With one and half verses and 37 words, John the Revelator postulates something so profound and earth-shaking (I don’t mean to exaggerate here, but I mean it earnestly).
 
Consider the magnitude of what Christ has done for us here:
 
He loved us.
He washed us from our sins.
He washed us with His own blood.
He elevated us to become kings and priests.
All this was not for Himself, but for His God and Father.
 
He loved us, while we were yet sinners, before we ever knew or acknowledged Him. The love of God is surely compelling in itself that He came searching us out before there was any self-awareness on our part. Who truly can fathom such love that searches not in the palaces nor places of grandeur but in the gutters of human depravity.
 
He washed us from our sins – this stain of pain, guilt, addiction, and selfishness – that we had no ability to be rid of. The trail of wretchedness that we’ve all left behind us appears most vividly before a righteous and holy God. Who could’ve possibly given us a clean slate? Who could possible redeem and transform us? Except that Christ came precisely to do what we couldn’t do for ourselves. The one thing that every human person desperately needs – whether we realise it or not – Jesus came and washed us.
 
He washed us with His own blood – the only commodity in the universe sufficient to pay the penalty required to satisfy the justice of a righteous God. The scarcity of the commodity is that it can only come from the One. The costliness of the commodity is recorded for us in the account of His crucifixion. The reminder of the sacrifice is that He forever carries the mark on His hands and feet. How can we handle the enormity of what He gave us on Calvary?
 
As though all that isn’t enough, He elevated us to become kings and priests. Of the three institutionalised positions in the Old Testament, He places us into two of them – kingship and priesthood, both fundamentally requiring the right genealogy, an impossibility unless we’re grafted into His lineage.

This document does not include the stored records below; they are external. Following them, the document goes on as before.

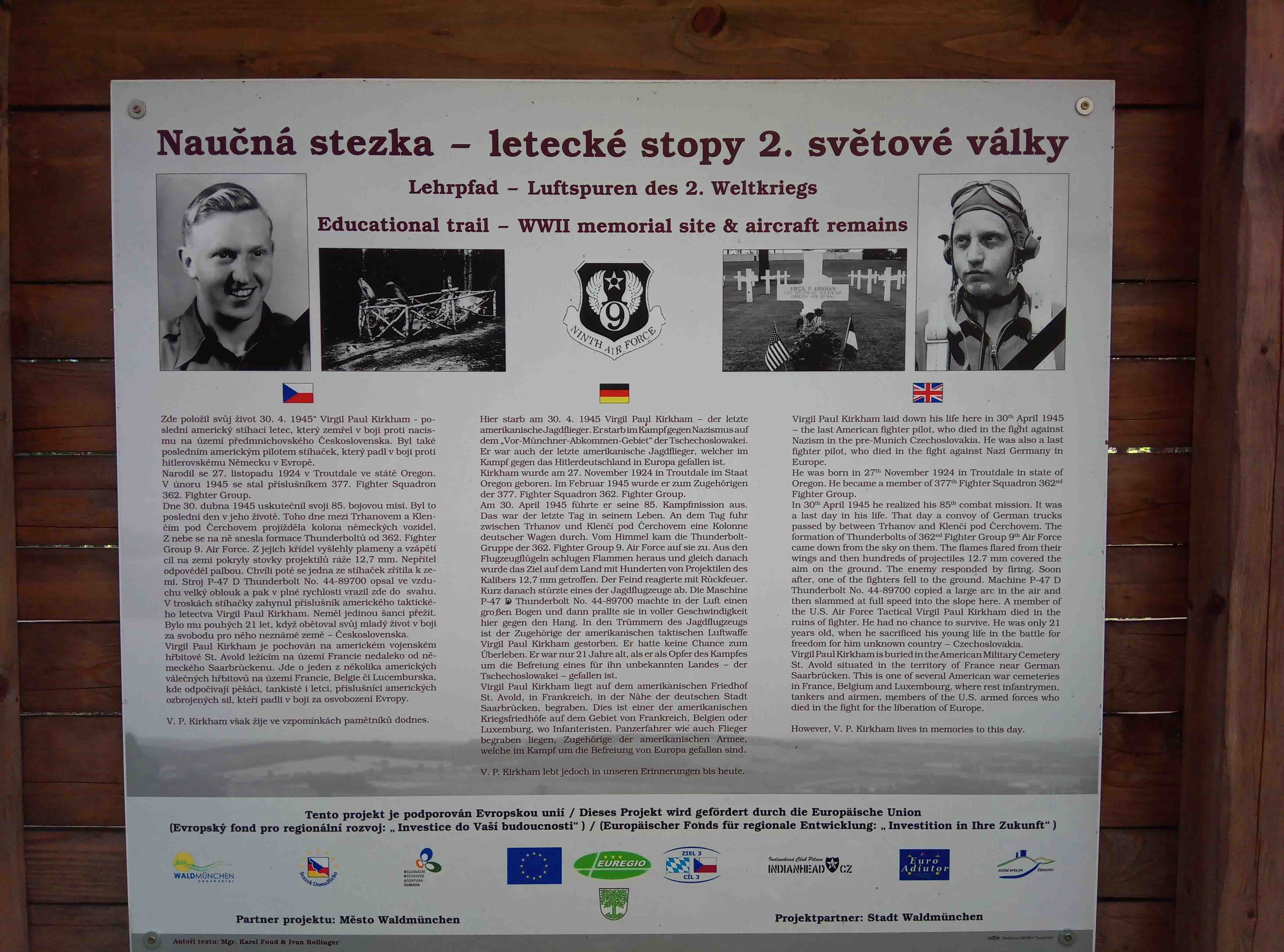 The site includes two memorials which is the crash site of Lt. Virgil P. Kirkham; he was the last recorded American USAAF pilot killed in Europe during WWII.
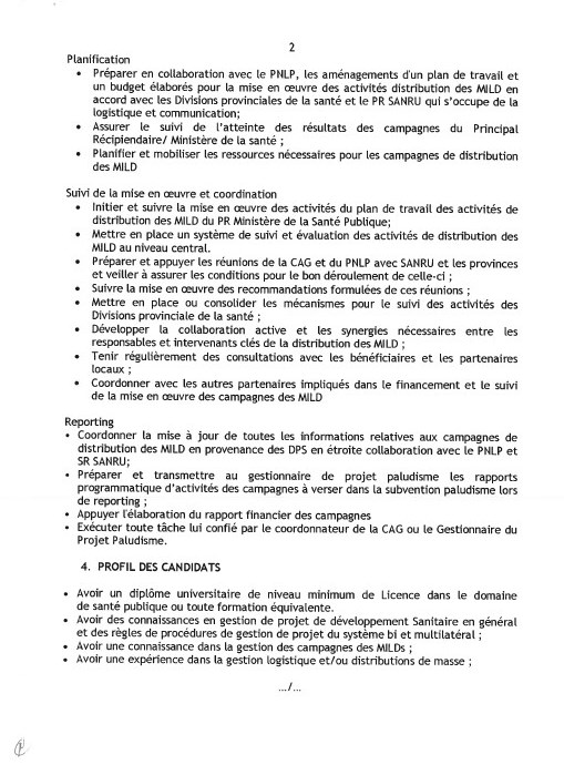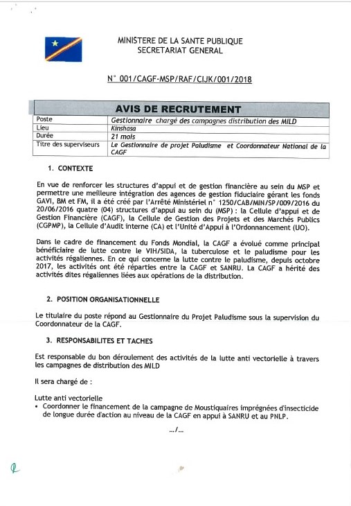 Recrutement d’un Gestionnaire chargé des campagnes de distribution des MILD
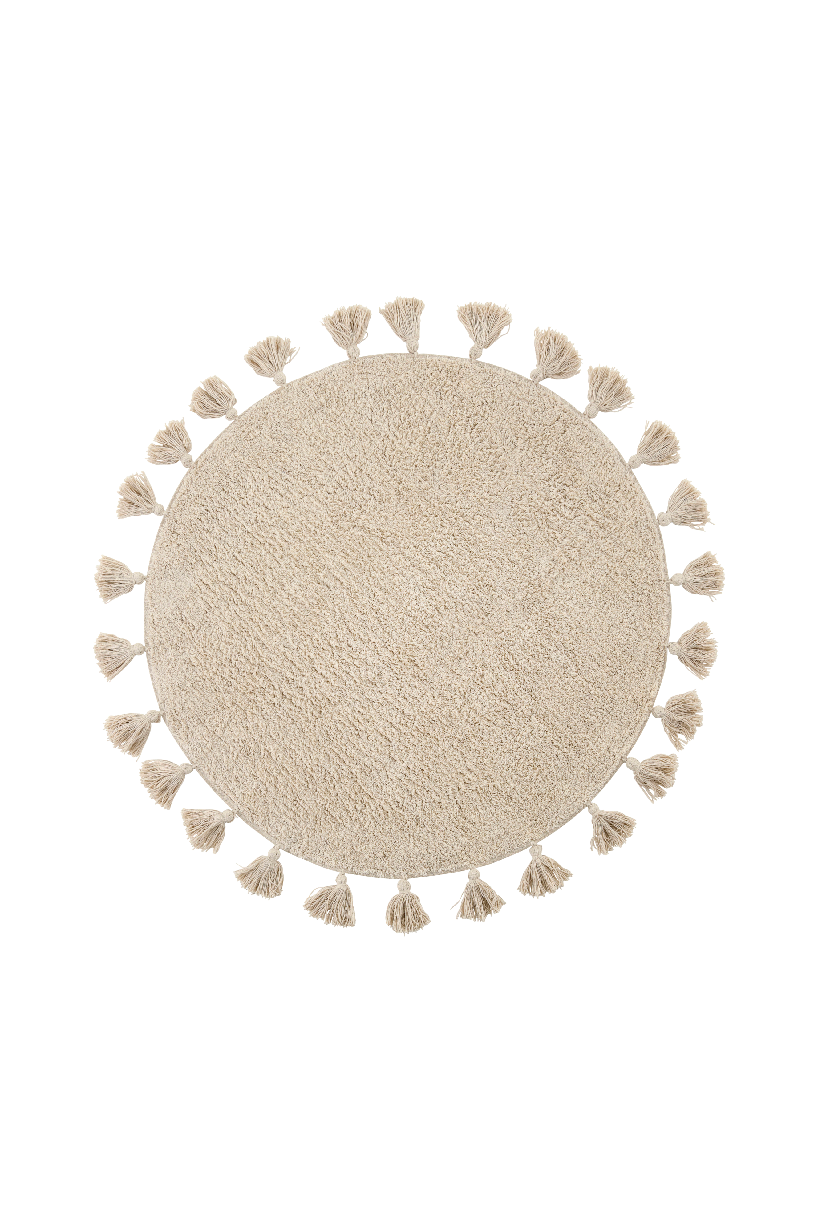 Pyöreä, tuftattu kylpyhuonematto puuvillaa. Tupsut ympäriinsä.
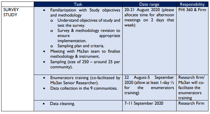 Ma3an is looking to hire an experienced research firm to conduct survey data collection for the first part of the study. This will include, sampling, survey administration and data cleaning. The firm is NOT responsible for analyzing data and producing the study report. These will be undertaken by Ma3an.
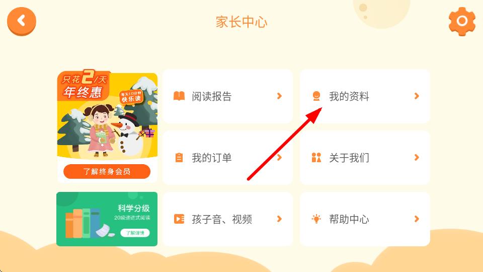 2、在家長中心頁面里,找到并點擊我的資料選項。
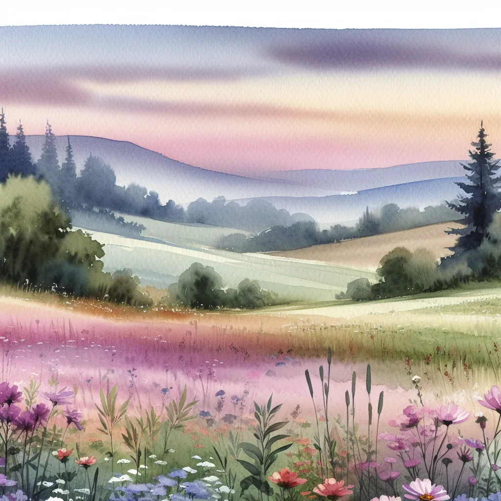 A serene meadow scene with rolling hills, blooming wildflowers, and a subtle sky gradient blending shades of pink, orange, and purple. The brushstrokes are soft, yet they provide enough detail to create depth and texture in the foliage and distant trees
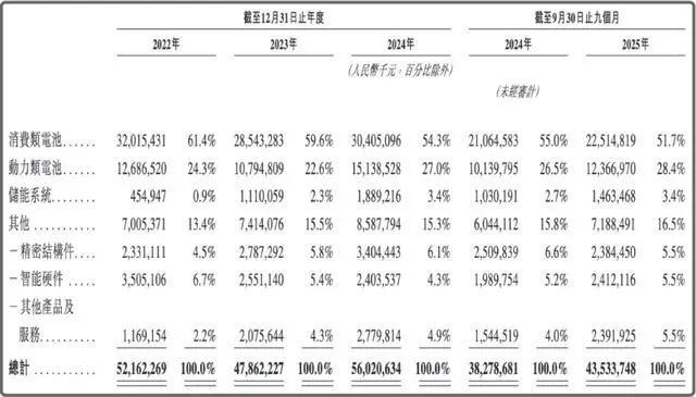 业务层面,消费类电池仍然是欣旺达收入的支柱,但呈逐年下降态势,由2022年的61.4%下滑至2024年的54.3%,去年前三季度进一步下降至51.7%。
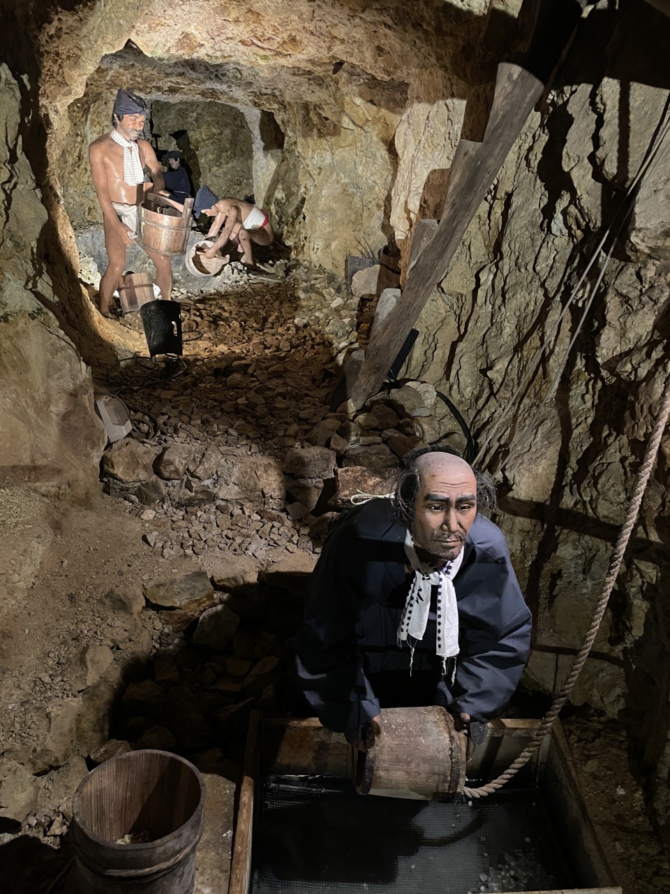 佐渡金山には宗太夫抗と道遊抗と2つの坑道を見学できますが、そのうち江戸時代の坑道跡がこちらの宗太夫抗になります。中に入るとひんやりして、展示してある人形で当時の作業や仕事の様子がわかるようになっています。パンフレットには所要時間30分とありましたが、軽く流して見たら20分弱で見終わってしまいました。- 旅行時期
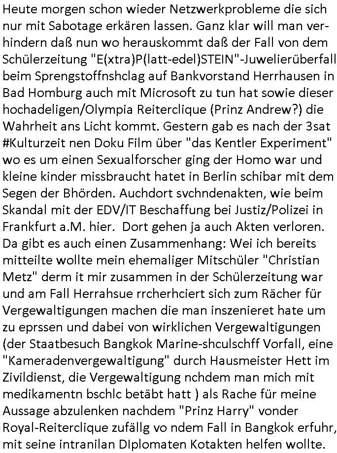 Heute morgen schon wieder Netzwerkprobleme die sich nur mit Sabotage erkären lassen. Ganz klar will man ver-hindern daß nun wo herauskommt daß der Fall von dem Schülerzeitung "E(xtra)P(latt-edel)STEIN"-Juwelierüberfall beim Sprengstoffnshclag auf Bankvorstand Herrhausen in Bad Homburg auch mit Microsoft zu tun hat sowie dieser hochadeligen/Olympia Reiterclique (Prinz Andrew?) die Wahrheit ans Licht kommt. Gestern gab es nach der 3sat #Kulturzeit nen Doku Film über "das Kentler Experiment" wo es um einen Sexualforscher ging der Homo war und kleine kinder missbraucht hatet in Berlin schibar mit dem Segen der Bhörden. Auchdort svchndenakten, wie beim Skandal mit der EDV/IT Beschaffung bei Justiz/Polizei in Frankfurt a.M. hier. Dort gehen ja auch Akten verloren. Da gibt es auch einen Zusammenhang: Wei ich bereits mitteilte wollte mein ehemaliger Mitschüler "Christian Metz" derm it mir zusammen in der Schülerzeitung war und am Fall Herrahsue rrcherhciert sich zum Rächer für Vergewaltigungen machen die man inszenieret hate um zu eprssen und dabei von wirklichen Vergewaltigungen (der Staatbesuch Bangkok Marine-shculschff Vorfall, eine "Kameradenvergewaltigung" durch Hausmeister Hett im Zivildienst, die Vergewaltigung nchdem man mich mit medikamentn bschlc betäbt hatt ) als Rache für meine Aussage abzulenken nachdem "Prinz Harry" vonder Royal-Reiterclique zufällg vo ndem Fall in Bangkok erfuhr, mit seine intranilan DIplomaten Kotakten helfen wollte.
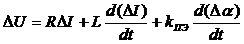 С учетом индуктивности обмотки управления и электродвижущей силы, наведённой движением якоря, система уравнений движения электромеханического преобразователя в приращениях приобретает такой вид:
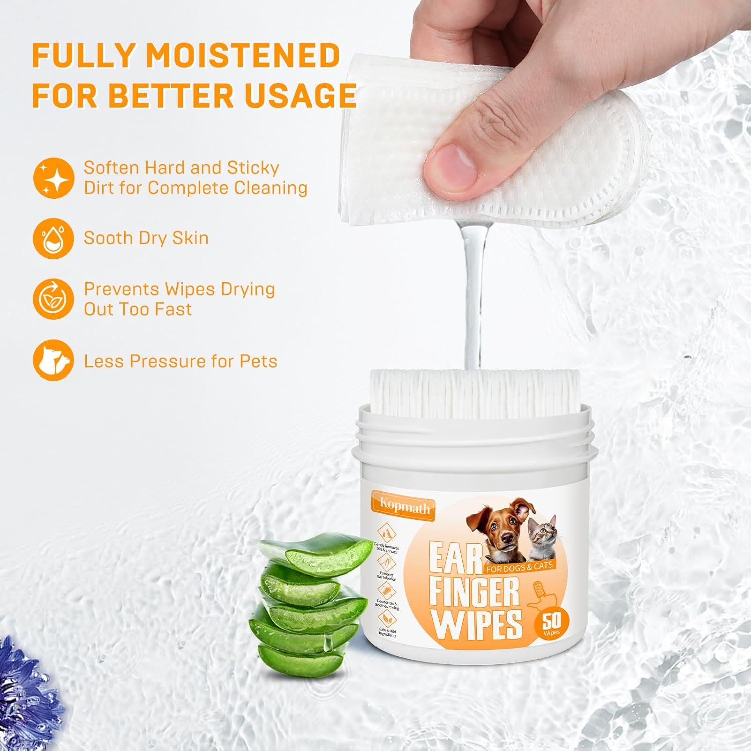 Dog Ear Wipes, Ear Cleaner Finger Wipes for Dogs & Cats, Gently Remove Earwax & Odor, Soothe Ear Itching and Infection, Easy to Use, Natural Cat Ear Wipes for Dogs, 50 Disposable Count

How else can we describe this, except to say that we’ve gone from the gutter-most to the uttermost! This is no pauper to riches account, neither is it some fairy tale. Instead it’s what God has genuinely done for us.
 
Yet all this Jesus did, not for Himself, but for the Father. Not for His own glory nor personal gain but totally for His Father. Therefore, to Christ rightly, lawfully, and justly belongs all glory and dominion forever and ever. Amen.